In my own experience, learning theory has helped me become a better musician. I have studied theory in one way or another since the age of 3, when I started learning to read music. I knew all my major and minor scales and chords by the time I was 8. Knowing the terminology helped me communicate with musicians who were more advanced players than I was. Theory opened more opportunities. When I was in high school, I was asked to accompany a small baroque ensemble and was suddenly thrown into making up a part based on a bass line with figured bass. I had a 5 minute crash course on figured bass. I wouldn't have been able to make heads or tails of that if I did not already know my intervals, chords, inversions, keys, or what "diatonic" meant. Theory has helped me be a better performer. In jazz music, it helped me focus my choices in improvisation. In classical music, it particularly helps with being able to identify where the melody is and where to accentuate tension, etc. As a composer, no matter the style of music, understanding voice leading can help one write better lines that make the music more understandable and enjoyable for the performer.
Despite all that, I have heard from other musicians, even some composers, that theory is useless. I have heard two main complaints: 1) it is boring, 2) it kills creativity.
Analysis is boring! Rules kill creativity! That is not a problem with theory, but rather a problem with how it is taught. I love theory and have a natural affinity for it, so I didn't mind when it was taught in a boring way. I was making the connections in my own mind despite the class. However, in college I was taught theory in an analytical way, where we broke apart pieces into all their little bits or examined disconnected exercises to identify all the non-chord tones.
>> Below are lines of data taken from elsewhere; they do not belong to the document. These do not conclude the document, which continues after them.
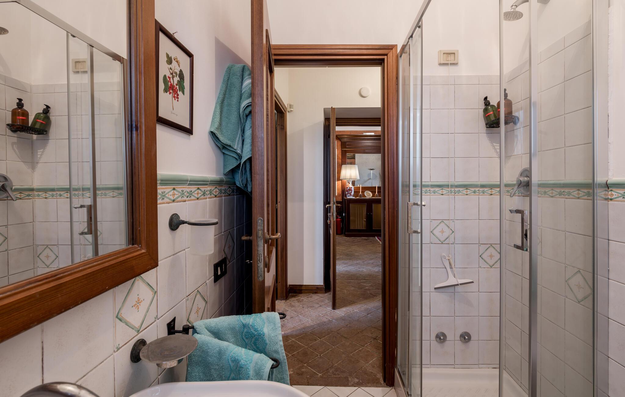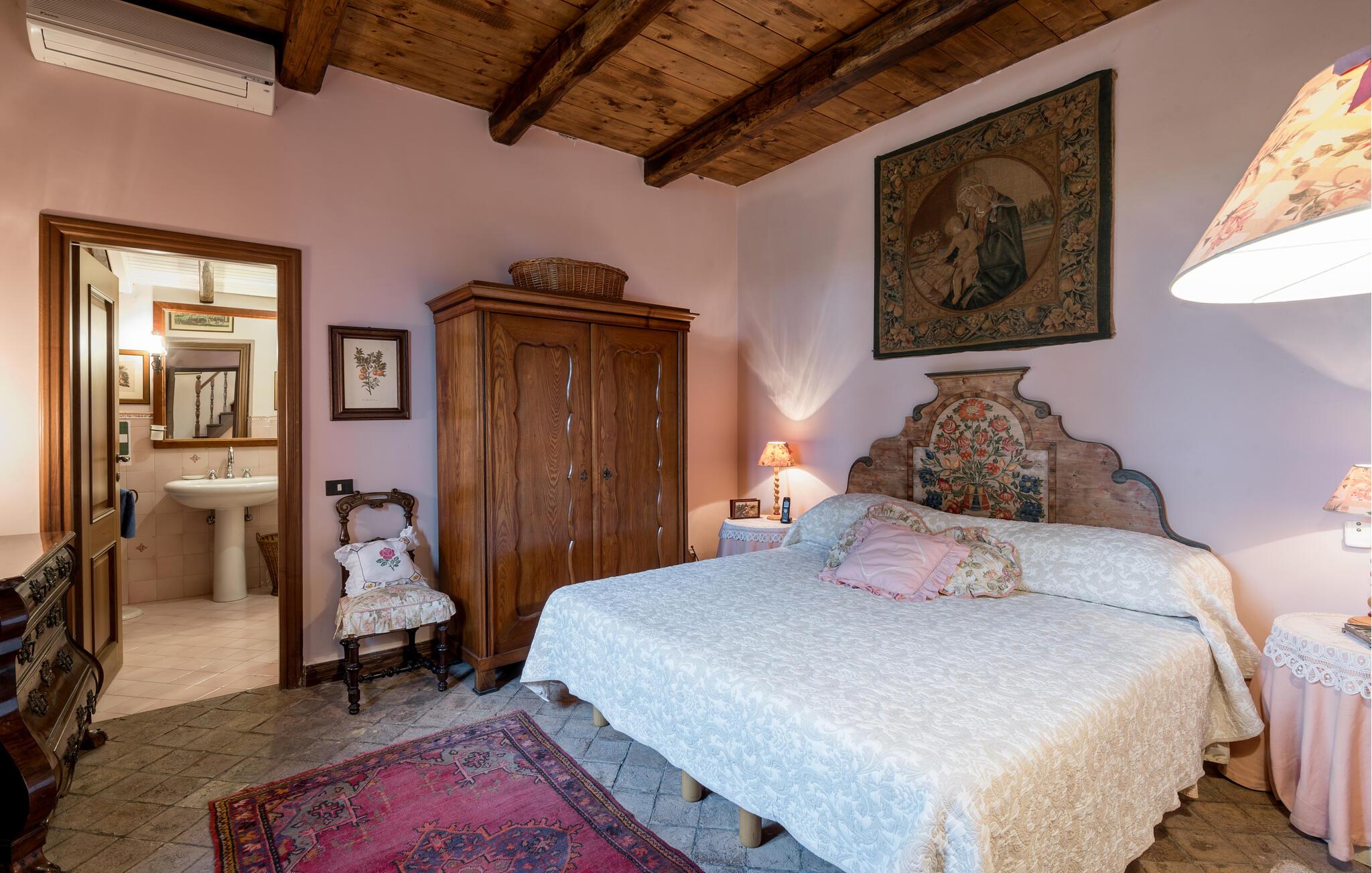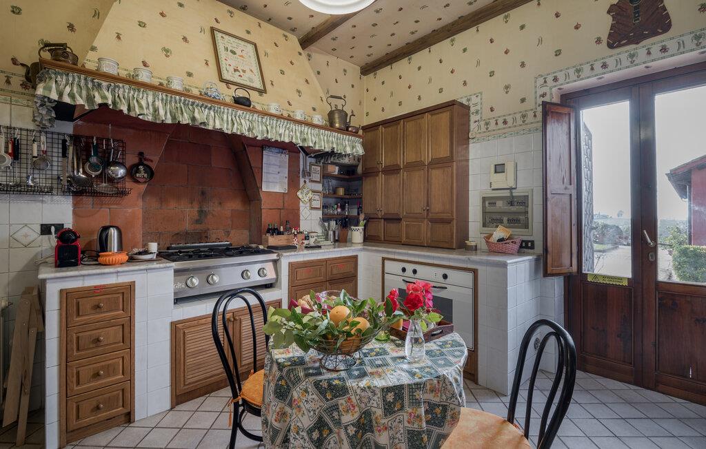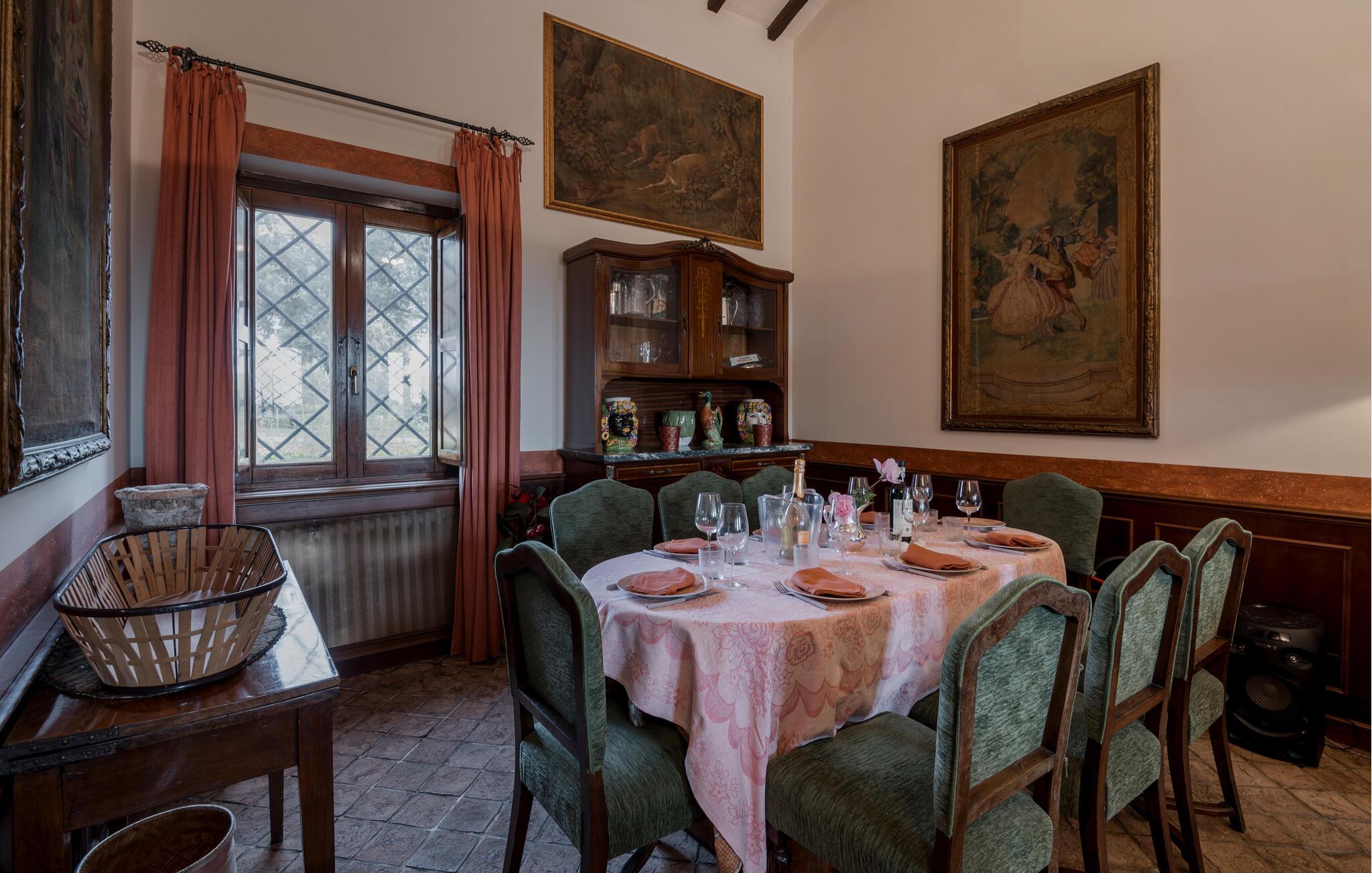 Verbringen Sie den Nachmittag im gemütlichen Wohnzimmer, das mit antiken Möbeln und kunstvollen Dekorationen ausgestattet ist. Die hohen Decken und die historische Einrichtung verleihen dem Raum eine besondere Atmosphäre. Und bereiten Sie ein traditionelles italienisches Mittagessen in der stilvollen Küche des Hauses zu. Nutzen Sie die Möglichkeit, im Freien zu speisen. Das Ferienhaus bietet einen wunderbaren Außenbereich mit einer überdachten Terrasse, ideal für ein gemütliches Abendessen an der frischen Luft.
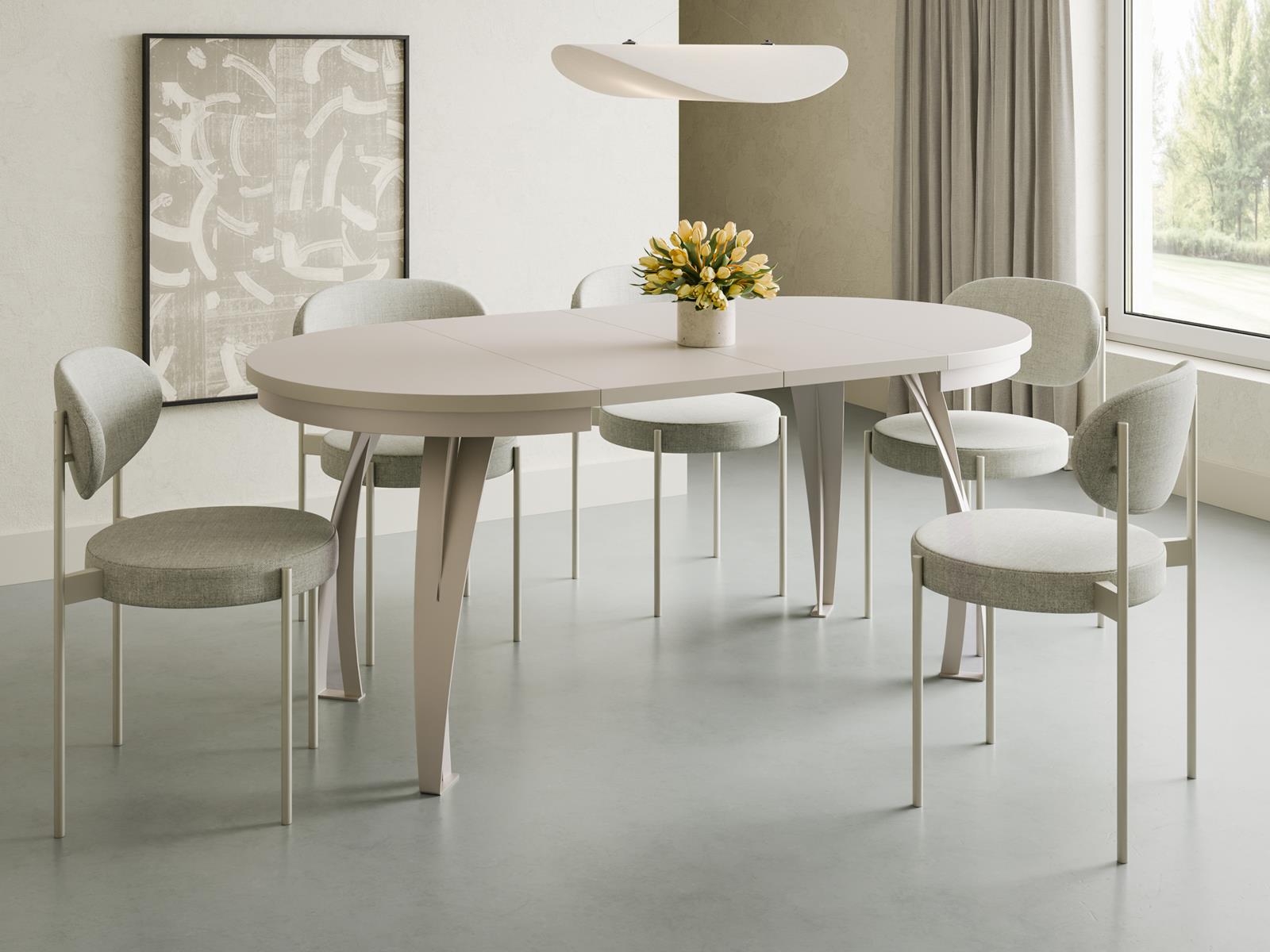Okrągły blat sprzyja wspólnym posiłkom oraz codziennym spotkaniom przy kawie. W wersji podstawowej stół komfortowo pomieści cztery osoby, zapewniając wygodę użytkowania na co dzień. Dzięki praktycznej funkcji rozkładania z łatwością dopasujesz go do większych spotkań rodzinnych, świąt czy wizyt gości.
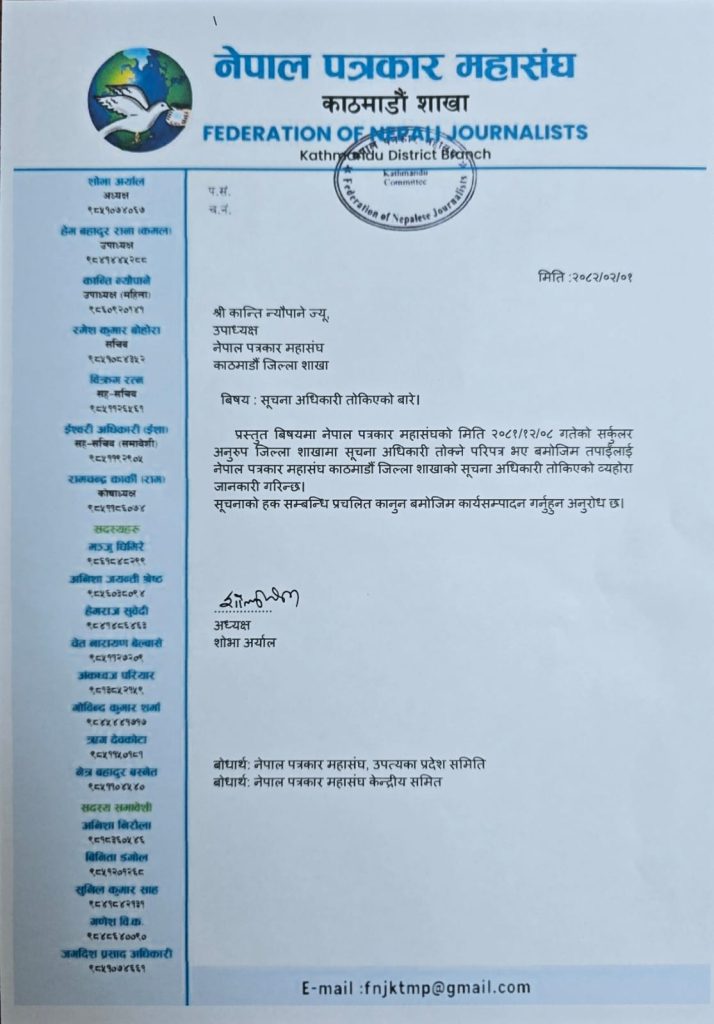 सूचना अधिकारी नियुक्तिमा विवाद : महासंघ काठमाडौं शाखाद्वारा निर्णय खारेज

This turns making art into a chore.
Where I went to school, theory was taught as rules. "This is how music sounds good." Rules kill creativity because they can cause one to think that, in order to write well, one must do as the "book" says. Fortunately, this was not my inner reaction to theory. I am one who enjoys learning by observation, so regardless of the situation, I like to watch how other people have done it before trying it myself, with my own take on it. That is how I approach theory, but I can understand why others might see it as a step-by-step manual.
Theory is descriptive, not prescriptive. It only tells us how others have arranged notes. It does not tell us how we should arrange our notes. If enough people are doing the same thing around the same time, a pattern for an era develops. Unfortunately, these patterns of development are often taught as rules about "how music works." I prefer to think of it as "music arranged this way creates this effect." Composers continue to discover new ways to use notes to create new effects. If one understands that theory only describes the development of music, one realizes that theory expanded through the centuries and is still expanding.
I teach music theory to high schoolers. I make it very clear that I am teaching them Basic Tonal Harmony. I make it clear to them that music theory goes FAR beyond what I am teaching them in the classroom, but that we have to start somewhere, and we are starting at BASIC. What I am teaching them will help them in most of the music they will play (most are not going on to careers in music), but also provides a foundation for further study. It is not the end-all-be-all. I also teach theory in a way that is NOT analysis. I teach theory in a setting that involves composition. The kids are using what they learn in class to create their own small works, from melody-writing to chord progressions, to voicing. In my opinion, music theory means nothing if it is not a practical springboard for one's own creativity, whether in performance or composition.